*** Provided material ***
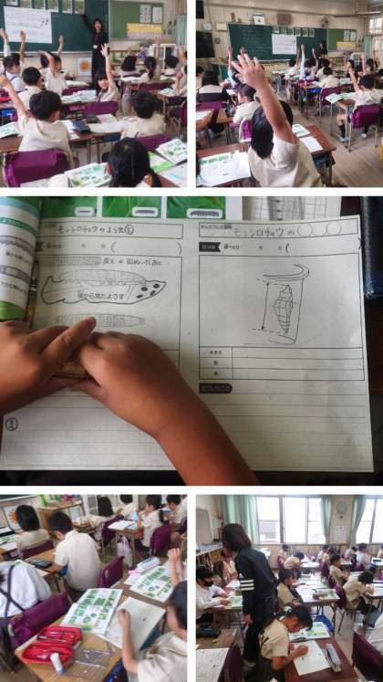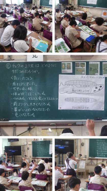 理科の時間は、チョウのよう虫を観察して気付いたことを出し合い、ノートにまとめました。
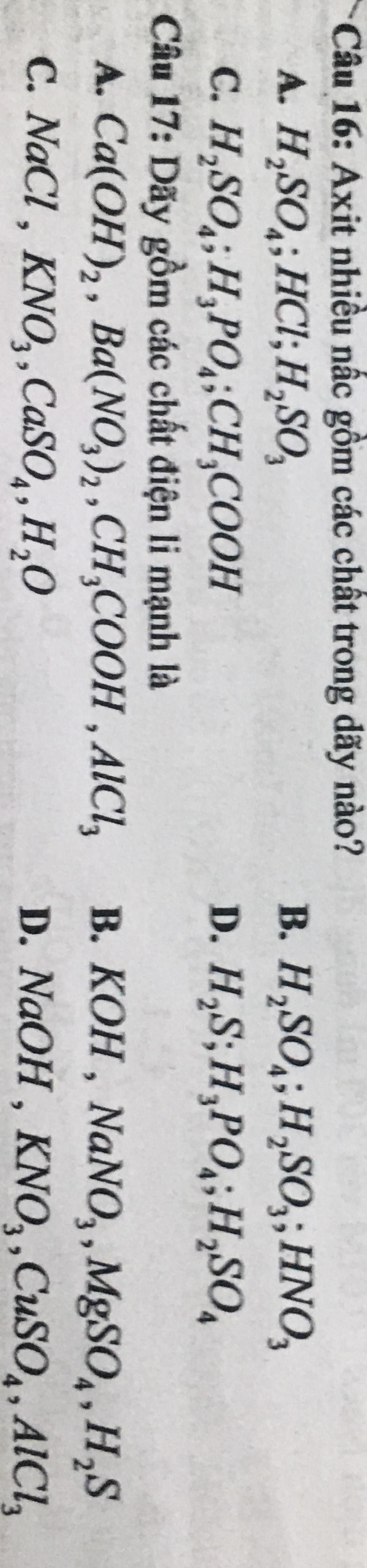 - Loại $A$ vì $CH_3COOH$ là axit yếu → chất điện li yếu.
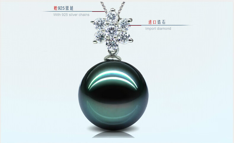 DL 1998 Fat Donglai quality Tahitian black pearl pendant clavicle chain 925 silver perfect round and flawless temperament 8mm-9mm black
*** End of Provided material ***
▶ **What to produce**
Copy each line of the listing exactly, skipping any picture.

▶ **Solved problem**
 理科の時間は、チョウのよう虫を観察して気付いたことを出し合い、ノートにまとめました。
 - Loại $A$ vì $CH_3COOH$ là axit yếu → chất điện li yếu.
 DL 1998 Fat Donglai quality Tahitian black pearl pendant clavicle chain 925 silver perfect round and flawless temperament 8mm-9mm black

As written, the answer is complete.